** Opening PROVIDED ENTRIES block **

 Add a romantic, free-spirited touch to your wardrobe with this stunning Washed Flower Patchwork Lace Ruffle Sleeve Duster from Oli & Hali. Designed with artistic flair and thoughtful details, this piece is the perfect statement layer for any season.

** Closing PROVIDED ENTRIES block **
** Opening PROVIDED ENTRIES block **

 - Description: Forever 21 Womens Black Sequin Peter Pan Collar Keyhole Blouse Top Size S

** Closing PROVIDED ENTRIES block **
** Opening PROVIDED ENTRIES block **

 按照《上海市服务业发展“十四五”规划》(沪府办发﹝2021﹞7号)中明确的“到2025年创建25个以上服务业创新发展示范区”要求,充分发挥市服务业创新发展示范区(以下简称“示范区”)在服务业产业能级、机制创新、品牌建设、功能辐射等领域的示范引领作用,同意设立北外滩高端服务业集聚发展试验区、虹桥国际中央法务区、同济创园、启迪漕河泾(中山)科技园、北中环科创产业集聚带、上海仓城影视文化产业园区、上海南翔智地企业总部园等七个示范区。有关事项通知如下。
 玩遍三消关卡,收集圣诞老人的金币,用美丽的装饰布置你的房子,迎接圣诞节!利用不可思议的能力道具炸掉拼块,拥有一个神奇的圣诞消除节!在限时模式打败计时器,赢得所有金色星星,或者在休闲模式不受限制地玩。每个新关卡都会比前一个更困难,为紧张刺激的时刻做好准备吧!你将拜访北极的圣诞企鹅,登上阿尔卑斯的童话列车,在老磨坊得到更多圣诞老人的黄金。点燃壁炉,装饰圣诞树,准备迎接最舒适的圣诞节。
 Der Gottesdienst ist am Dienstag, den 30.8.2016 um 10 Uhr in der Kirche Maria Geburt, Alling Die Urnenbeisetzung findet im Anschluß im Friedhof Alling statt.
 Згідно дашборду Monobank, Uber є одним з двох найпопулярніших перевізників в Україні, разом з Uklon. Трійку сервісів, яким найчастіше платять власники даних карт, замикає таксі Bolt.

** Closing PROVIDED ENTRIES block **

Repeat, character for character, the lines of the material above from the line with "玩遍三消关卡,收集圣诞老人的" through the line with "Der Gottesdienst ist".

 玩遍三消关卡,收集圣诞老人的金币,用美丽的装饰布置你的房子,迎接圣诞节!利用不可思议的能力道具炸掉拼块,拥有一个神奇的圣诞消除节!在限时模式打败计时器,赢得所有金色星星,或者在休闲模式不受限制地玩。每个新关卡都会比前一个更困难,为紧张刺激的时刻做好准备吧!你将拜访北极的圣诞企鹅,登上阿尔卑斯的童话列车,在老磨坊得到更多圣诞老人的黄金。点燃壁炉,装饰圣诞树,准备迎接最舒适的圣诞节。
 Der Gottesdienst ist am Dienstag, den 30.8.2016 um 10 Uhr in der Kirche Maria Geburt, Alling Die Urnenbeisetzung findet im Anschluß im Friedhof Alling statt.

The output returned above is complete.